▶ **WHAT IS BEING ASKED**
With pictures omitted, restate the data word for word.

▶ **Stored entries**
....................

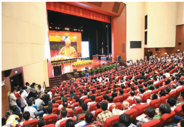
△星云大师在明珠剧院主讲《看见梦想的力量》
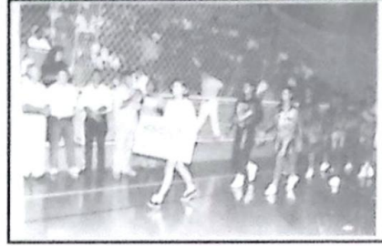
3º lugar equipe de Miranda
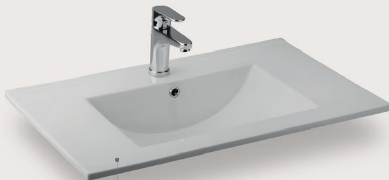
Lavabo Helena 75 cm
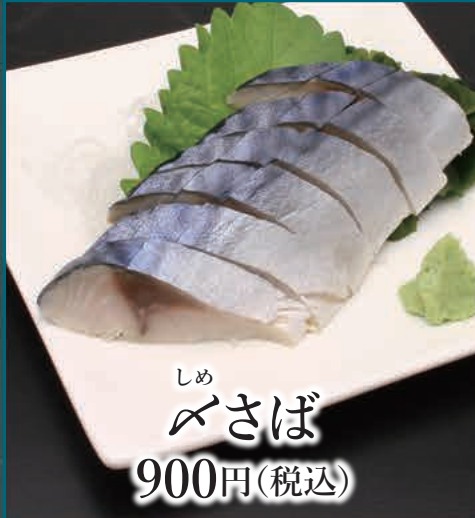
しめ べさば 900円(税込)
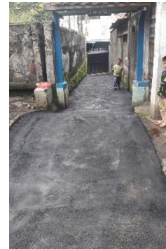
Gambar 3.2. Perbaikan Jalan
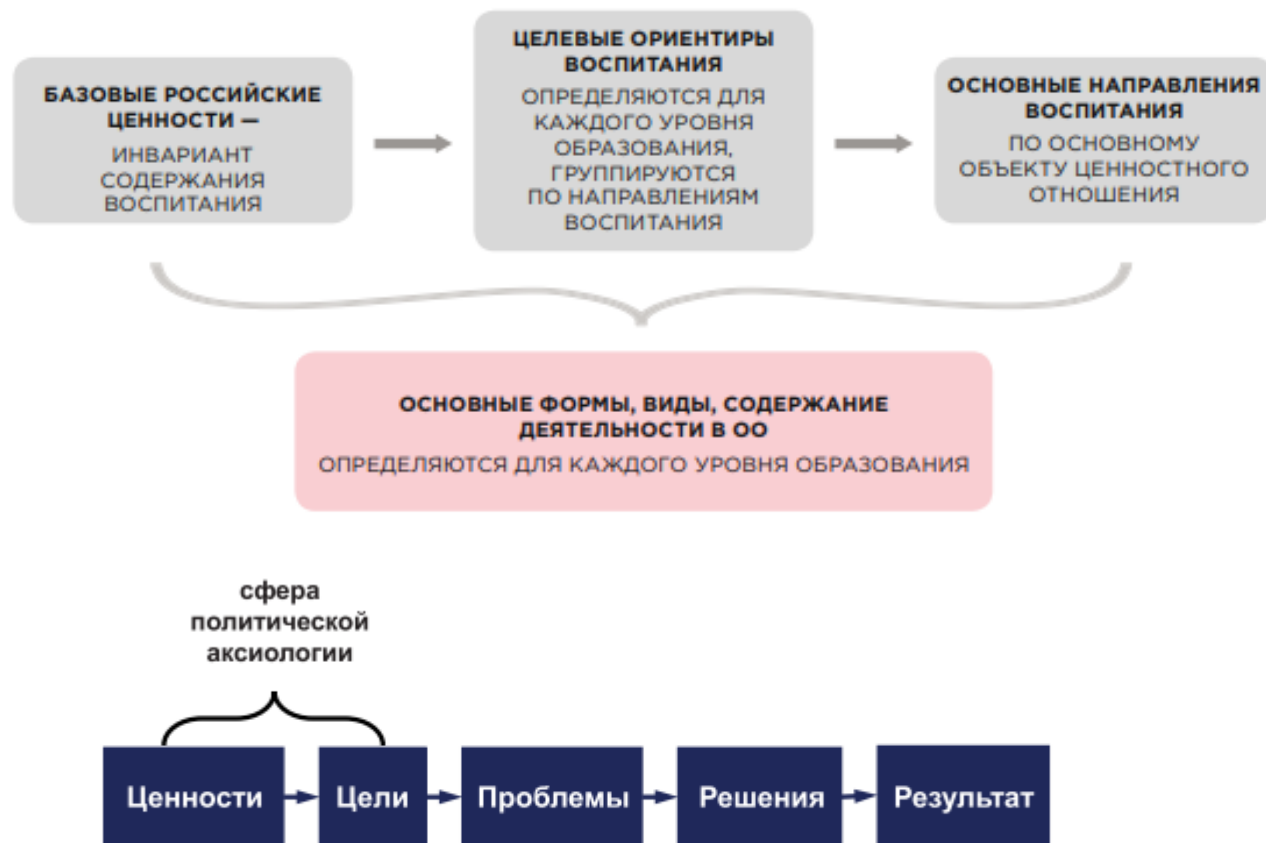
Рис. 1. Аксиология в системе государственной политики
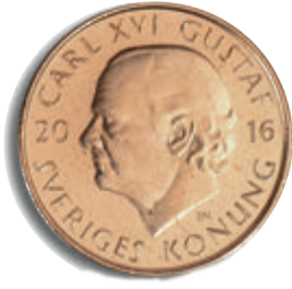
رووی 1 کرۆنی (روو)
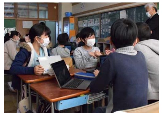
どうしたら自分も周りの人も一緒にしあわせになれるのか。白熱した議論が展開しました。

『みんなのしあわせ』ではないか」など、グループごとにさまざまな意見が出ました。「みんなが自分の好きなことをできることが『みんなのしあわせ』」と考え始めたグループでは、「自由と自分勝手の違いは何か」という議論に発展させ、「みんながルールを守りながらある程度自由でいられることが『みんなのしあわせ』である」という考えに辿り着きました。
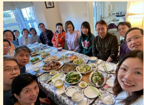
一年一度團隊及家屬實體歡聚

感恩同工一致贊同培訓中心的團隊是「夢幻組合」(Dream Team)，我們人手雖然短少，但是卻非常同心，每論董事、同工或義工，都委身事主，合作愉快！
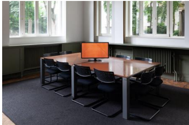
I found a shortcut through your hedge, 2021
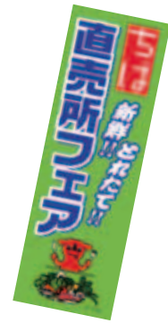
▲こののぼり旗が目印

フェアには、市内12か所の直売所をはじめ、県内140か所の直売所が参加。期間中はスタンラリーによる抽選プレゼント、直売所独自のイベントなどを開催し
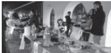
Nikaraguako produktuez gain, Peru eta Kolonbiako ere ikusgai ziren Okendon.

Asteburuko ekimenek harrera ona izan zuten herriko nikaraguarren artean, baina eguraldi txarrek festa zapuztu eta ezin izan zuten euren jaialdi kulturala nahiz bezala zabaldu. Hurrengo urtean izan beharko du.
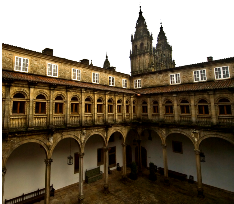
Fig. 8. Uno de los cuatro patios del Hostal de los Reyes Católicos de Santiago de Compostela.

El Hostal de los Reyes Católicos en Santiago de Compostela por ejemplo, es un edificio con categoría de cinco estrellas gran lujo pero carece de SPA, su capacidad de aparcamiento es muy reducida y su adecuación a las medidas de accesibilidad es discutible. ¿Significa esto que dada la tendencia turística actual podría peligrar la categoría de un edificio tan emblemático e inigualable? 7
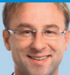
Wolfgang Fackler, MdL Vorsitzender des Ausschusses für Fragen des öffentlichen Dienstes
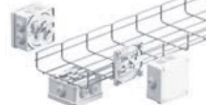
Kit IBP Cablofil
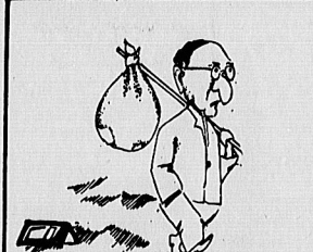
آئینه‌ها شکلات مردم
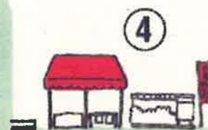
中国銀行前駐車場
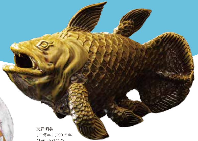
天野 明美 [ 三億年! ] 2015年 Akemi AMANO [ LONG LONG TIME AGO ] 2015
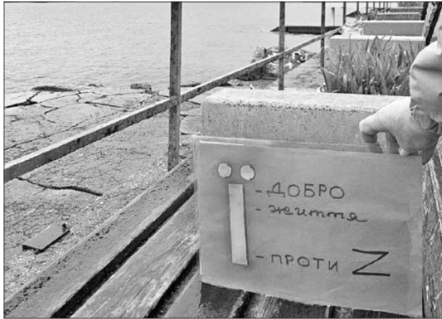
... а це варто взяти до уваги окупантам у Криму
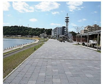
▲「いしのまき元気いちば」や「かわまちオープンパーク（遊歩道・堤防）」が整備された旧北上川沿い
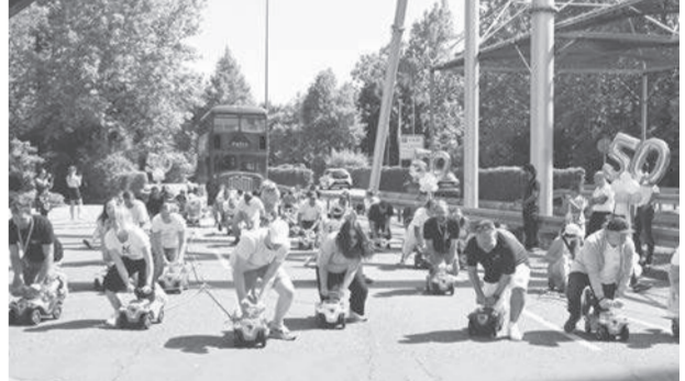
ลากรบัส ● ผู้คน 50 คนร่วมกิจกรรมใช้รถบัสบีบี-คาร์ 50 คัน ลากรบัสเคลลีแฟมิลี่ให้ได้ 50 เมตรเพื่อทำสถิติโลกที่สวนสนุกยุโรป-ปาร์ค เมืองโรสตัน รัฐบาเนน-เวียร์เทนแบร์ก เยอรมนี เมื่อ 17 มิ.ย.
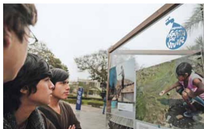
La exposición del concurso fotográfico "Buscando... agüita pa' vivir" fue resultado del taller dictado en colegios de las Lomas de Carabayllo por comunicadores egresados de la PUCP.
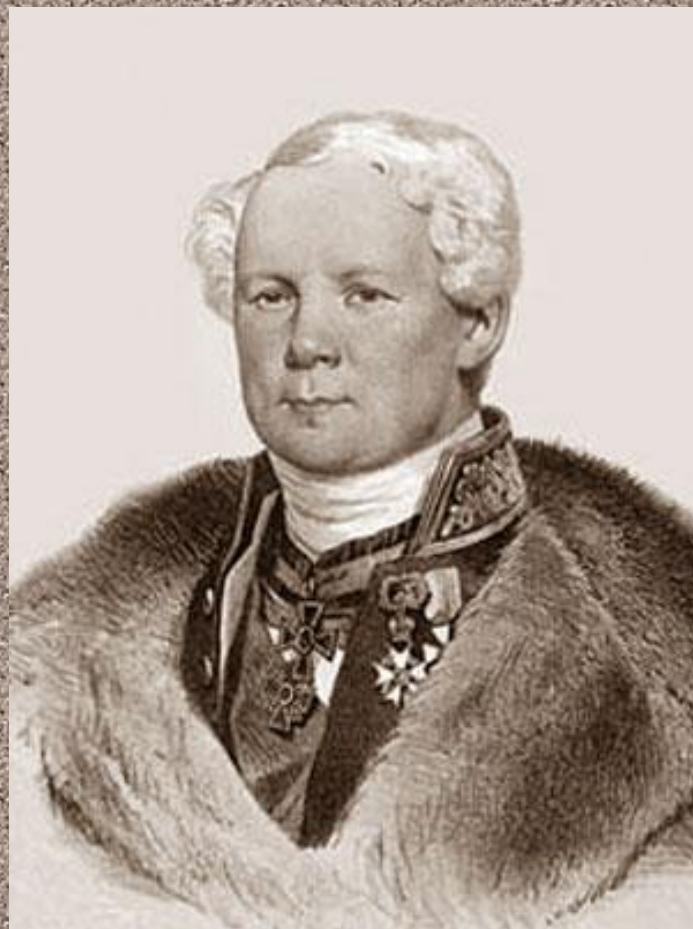
Архитектор О. Монферран

....................

▶ **COMPLETED TASK**
△星云大师在明珠剧院主讲《看见梦想的力量》
3º lugar equipe de Miranda
Lavabo Helena 75 cm
しめ べさば 900円(税込)
Gambar 3.2. Perbaikan Jalan
Рис. 1. Аксиология в системе государственной политики
رووی 1 کرۆنی (روو)
どうしたら自分も周りの人も一緒にしあわせになれるのか。白熱した議論が展開しました。

『みんなのしあわせ』ではないか」など、グループごとにさまざまな意見が出ました。「みんなが自分の好きなことをできることが『みんなのしあわせ』」と考え始めたグループでは、「自由と自分勝手の違いは何か」という議論に発展させ、「みんながルールを守りながらある程度自由でいられることが『みんなのしあわせ』である」という考えに辿り着きました。
一年一度團隊及家屬實體歡聚

感恩同工一致贊同培訓中心的團隊是「夢幻組合」(Dream Team)，我們人手雖然短少，但是卻非常同心，每論董事、同工或義工，都委身事主，合作愉快！
I found a shortcut through your hedge, 2021
▲こののぼり旗が目印

フェアには、市内12か所の直売所をはじめ、県内140か所の直売所が参加。期間中はスタンラリーによる抽選プレゼント、直売所独自のイベントなどを開催し
Nikaraguako produktuez gain, Peru eta Kolonbiako ere ikusgai ziren Okendon.

Asteburuko ekimenek harrera ona izan zuten herriko nikaraguarren artean, baina eguraldi txarrek festa zapuztu eta ezin izan zuten euren jaialdi kulturala nahiz bezala zabaldu. Hurrengo urtean izan beharko du.
Fig. 8. Uno de los cuatro patios del Hostal de los Reyes Católicos de Santiago de Compostela.

El Hostal de los Reyes Católicos en Santiago de Compostela por ejemplo, es un edificio con categoría de cinco estrellas gran lujo pero carece de SPA, su capacidad de aparcamiento es muy reducida y su adecuación a las medidas de accesibilidad es discutible. ¿Significa esto que dada la tendencia turística actual podría peligrar la categoría de un edificio tan emblemático e inigualable? 7
Wolfgang Fackler, MdL Vorsitzender des Ausschusses für Fragen des öffentlichen Dienstes
Kit IBP Cablofil
آئینه‌ها شکلات مردم
中国銀行前駐車場
天野 明美 [ 三億年! ] 2015年 Akemi AMANO [ LONG LONG TIME AGO ] 2015
... а це варто взяти до уваги окупантам у Криму
▲「いしのまき元気いちば」や「かわまちオープンパーク（遊歩道・堤防）」が整備された旧北上川沿い
ลากรบัส ● ผู้คน 50 คนร่วมกิจกรรมใช้รถบัสบีบี-คาร์ 50 คัน ลากรบัสเคลลีแฟมิลี่ให้ได้ 50 เมตรเพื่อทำสถิติโลกที่สวนสนุกยุโรป-ปาร์ค เมืองโรสตัน รัฐบาเนน-เวียร์เทนแบร์ก เยอรมนี เมื่อ 17 มิ.ย.
La exposición del concurso fotográfico "Buscando... agüita pa' vivir" fue resultado del taller dictado en colegios de las Lomas de Carabayllo por comunicadores egresados de la PUCP.
Архитектор О. Монферран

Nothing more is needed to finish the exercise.